• Instructions to follow: Omit the images and retype the records verbatim.

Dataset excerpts

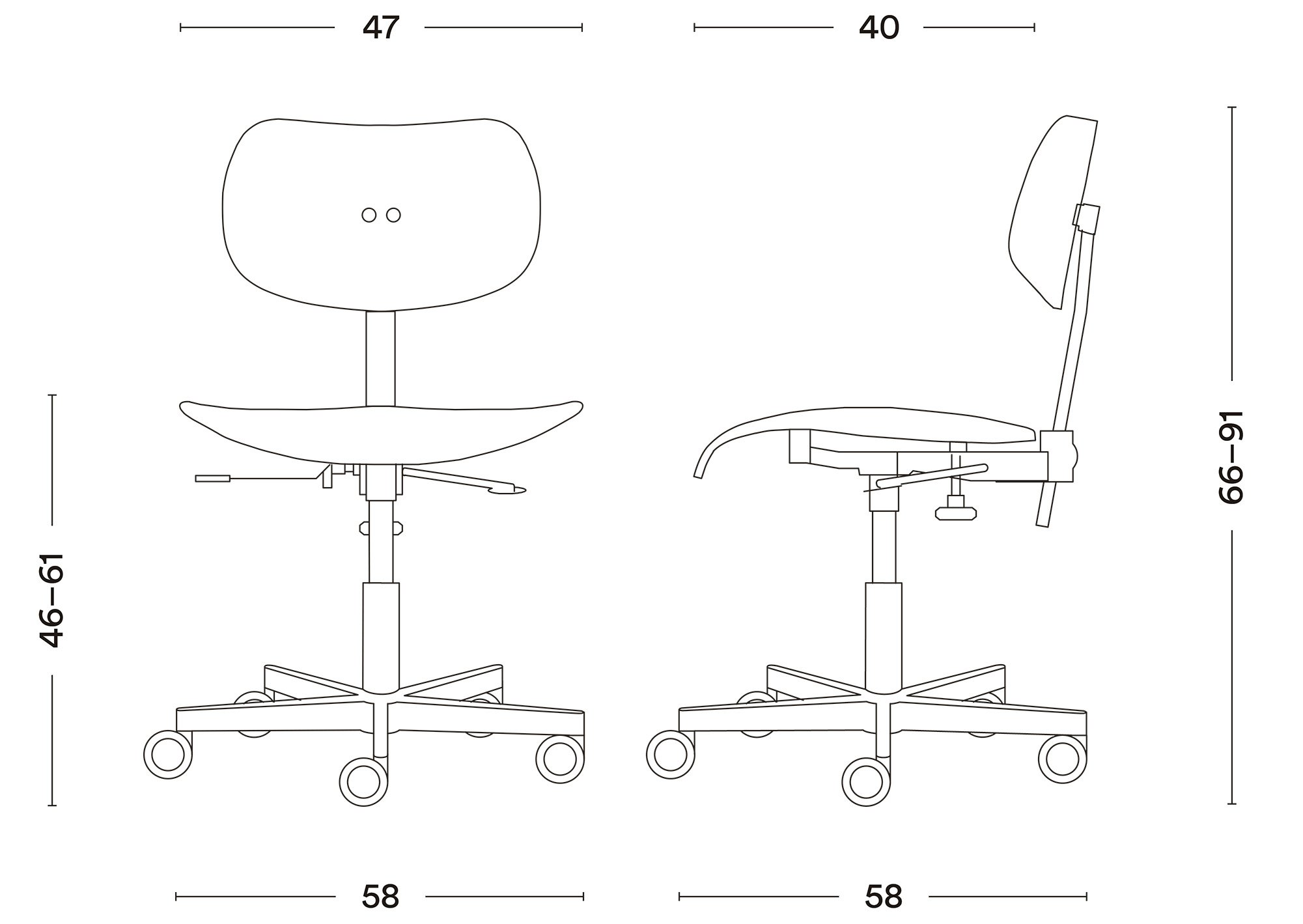 | Fonctions & Propriétés | Sur roues Réglage de la hauteur du siège SERVOLIFT Réglage mécanique de l'inclinaison du siège Hauteur du dossier réglable |
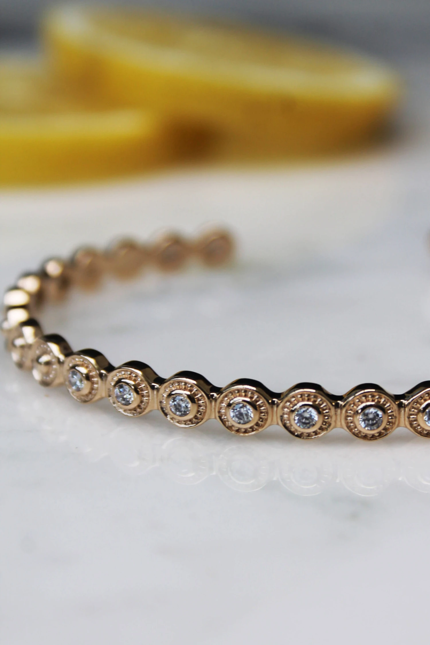 Douceur et rondeur sont les maîtres mots du jonc Antalya, dont la finesse de l’or est réhaussée de lumineux oxydes de zirconiums !
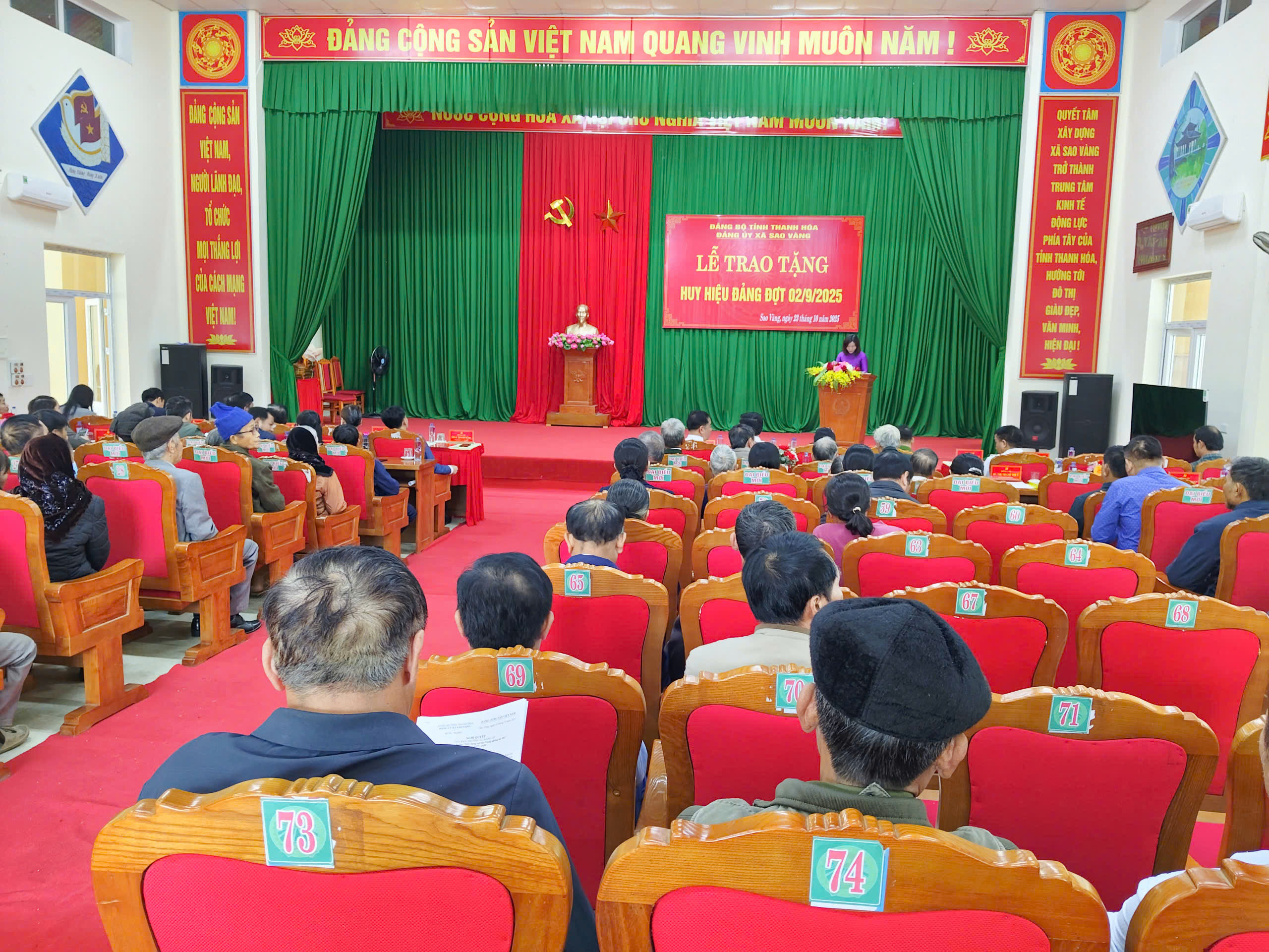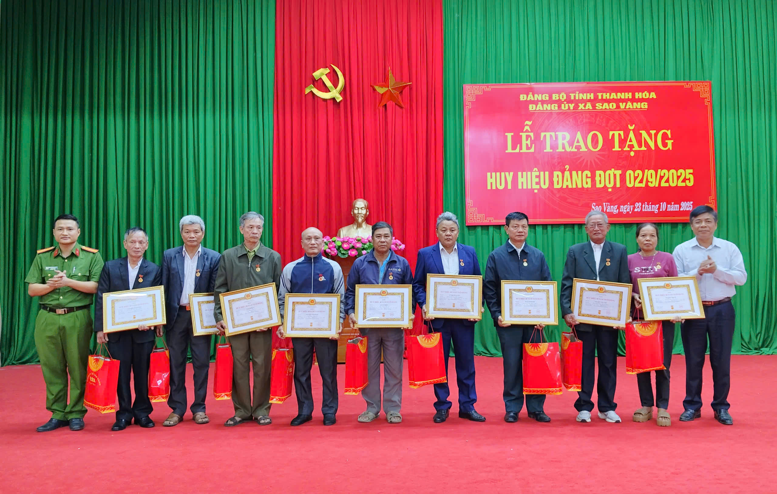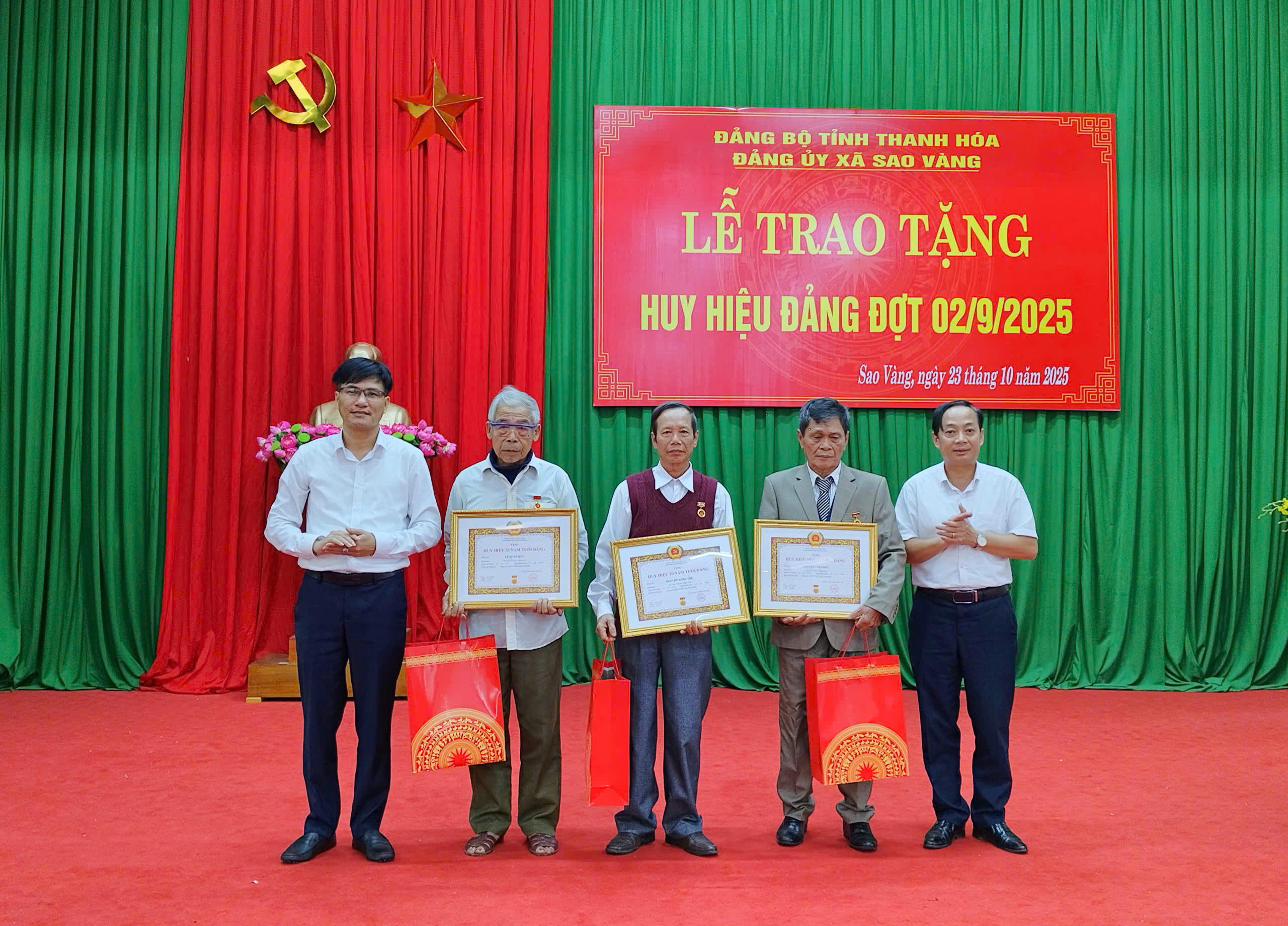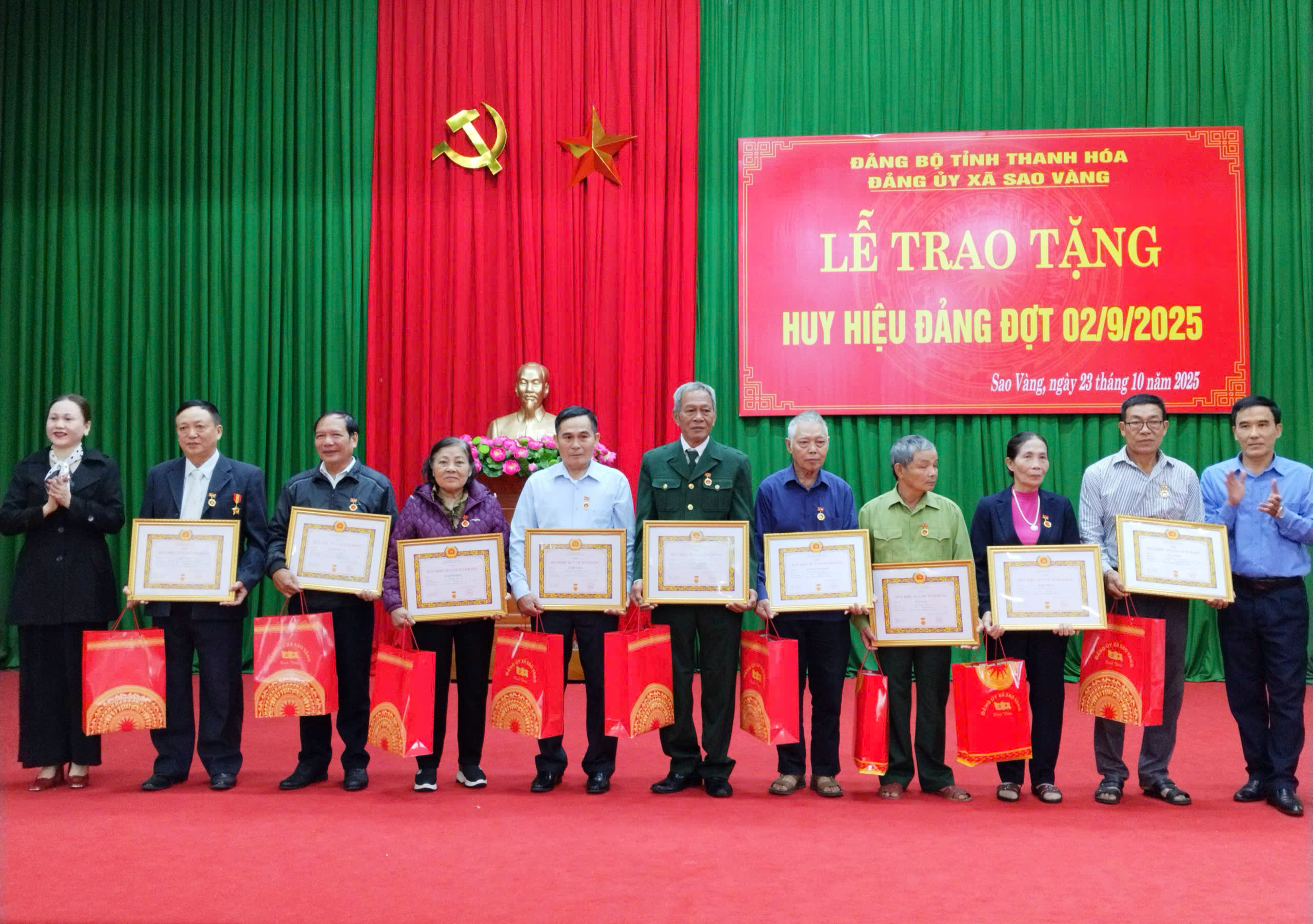 Tại buổi lễ, các đồng chí lãnh đạo xã Sao Vàng đã trao tặng Huy hiệu Đảng cho các đảng viên được trao tặng Huy hiệu Đảng đợt 02/9/2025.
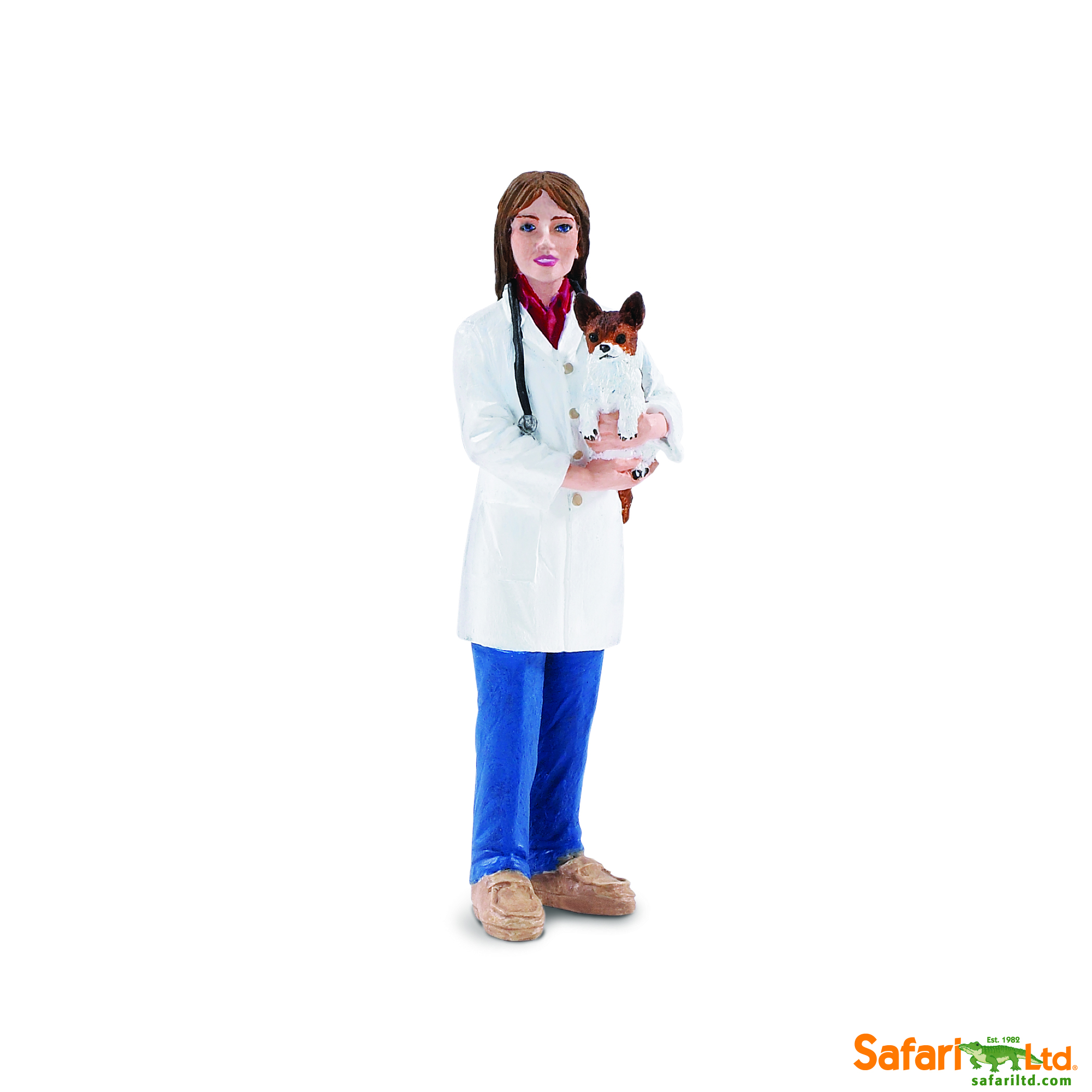 Jenny the Veterinarian is ready to give this puppy the care it needs for a long, healthy life. Community heroes come to life wearing realistic uniforms in the Safari People collection from Safari Ltd®.
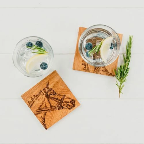 Handcrafted from sustainably grown Scottish oak, the Just Slate Company Set of 2 Horse Oak Coasters make a lovely table piece to set your drinks on. These beautiful wooden coasters feature an engraved, hand illustrated image of a handsome horse.
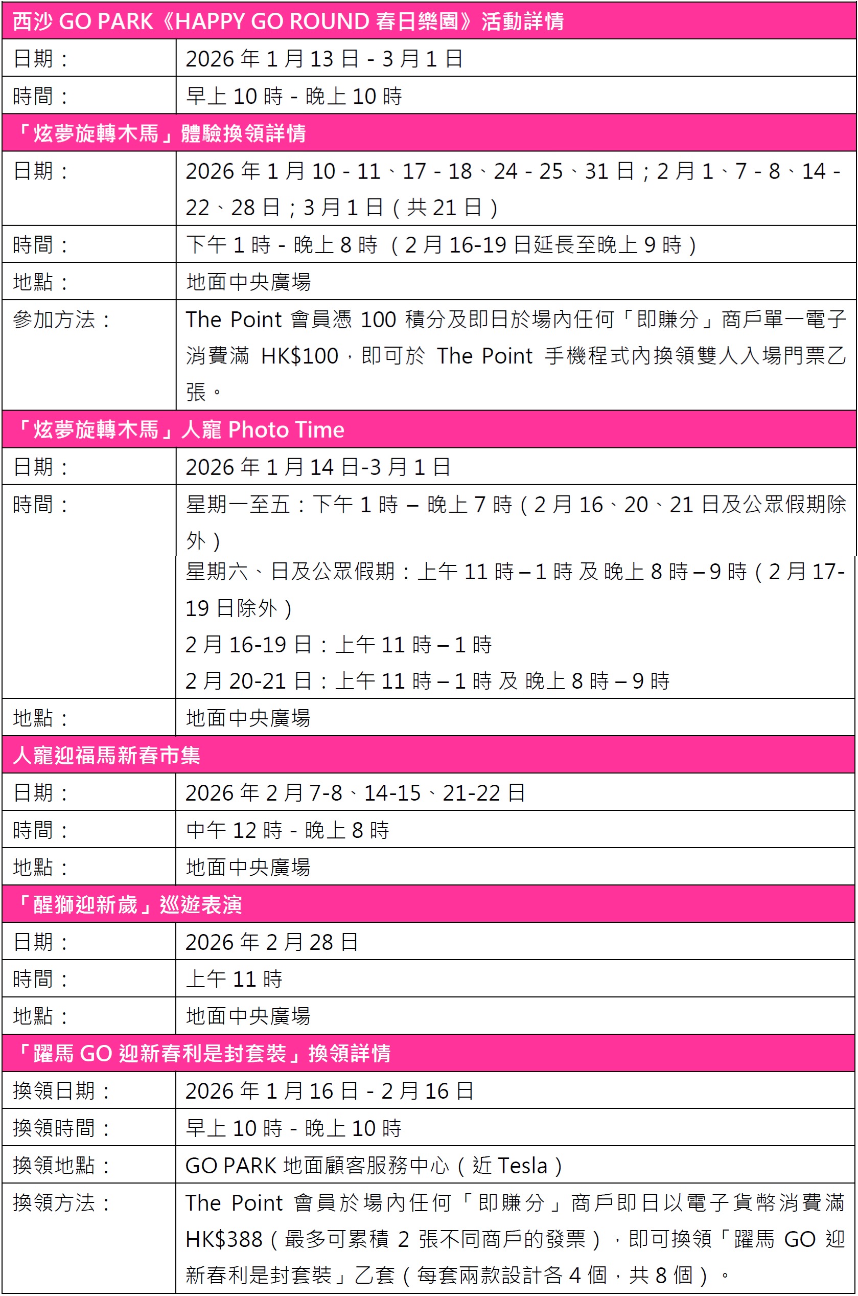 西沙GO PARK將於1月13日至3月1日呈獻新春主題活動《HAPPY GO ROUND春日樂園》,特別打造五大行運打卡位,包括西沙GO PARK戶外華麗蛻變的夢幻櫻粉色「炫夢旋轉木馬」及寓意步步生花的「桃花迎春步道」、二樓晴空花園內的寵物專區「寵愛花見陣」及旁邊映照歡樂時刻的「迎春花鏡庭園」,以及於GO PARK 2首度亮相的「緣轉風車台」,各裝置均以春日花卉為設計靈感,融合桃花、風車等吉祥元素,營造生機盎然的節日氛圍!

• Answer to the exercise:
 | Fonctions & Propriétés | Sur roues Réglage de la hauteur du siège SERVOLIFT Réglage mécanique de l'inclinaison du siège Hauteur du dossier réglable |
 Douceur et rondeur sont les maîtres mots du jonc Antalya, dont la finesse de l’or est réhaussée de lumineux oxydes de zirconiums !
 Tại buổi lễ, các đồng chí lãnh đạo xã Sao Vàng đã trao tặng Huy hiệu Đảng cho các đảng viên được trao tặng Huy hiệu Đảng đợt 02/9/2025.
 Jenny the Veterinarian is ready to give this puppy the care it needs for a long, healthy life. Community heroes come to life wearing realistic uniforms in the Safari People collection from Safari Ltd®.
 Handcrafted from sustainably grown Scottish oak, the Just Slate Company Set of 2 Horse Oak Coasters make a lovely table piece to set your drinks on. These beautiful wooden coasters feature an engraved, hand illustrated image of a handsome horse.
 西沙GO PARK將於1月13日至3月1日呈獻新春主題活動《HAPPY GO ROUND春日樂園》,特別打造五大行運打卡位,包括西沙GO PARK戶外華麗蛻變的夢幻櫻粉色「炫夢旋轉木馬」及寓意步步生花的「桃花迎春步道」、二樓晴空花園內的寵物專區「寵愛花見陣」及旁邊映照歡樂時刻的「迎春花鏡庭園」,以及於GO PARK 2首度亮相的「緣轉風車台」,各裝置均以春日花卉為設計靈感,融合桃花、風車等吉祥元素,營造生機盎然的節日氛圍!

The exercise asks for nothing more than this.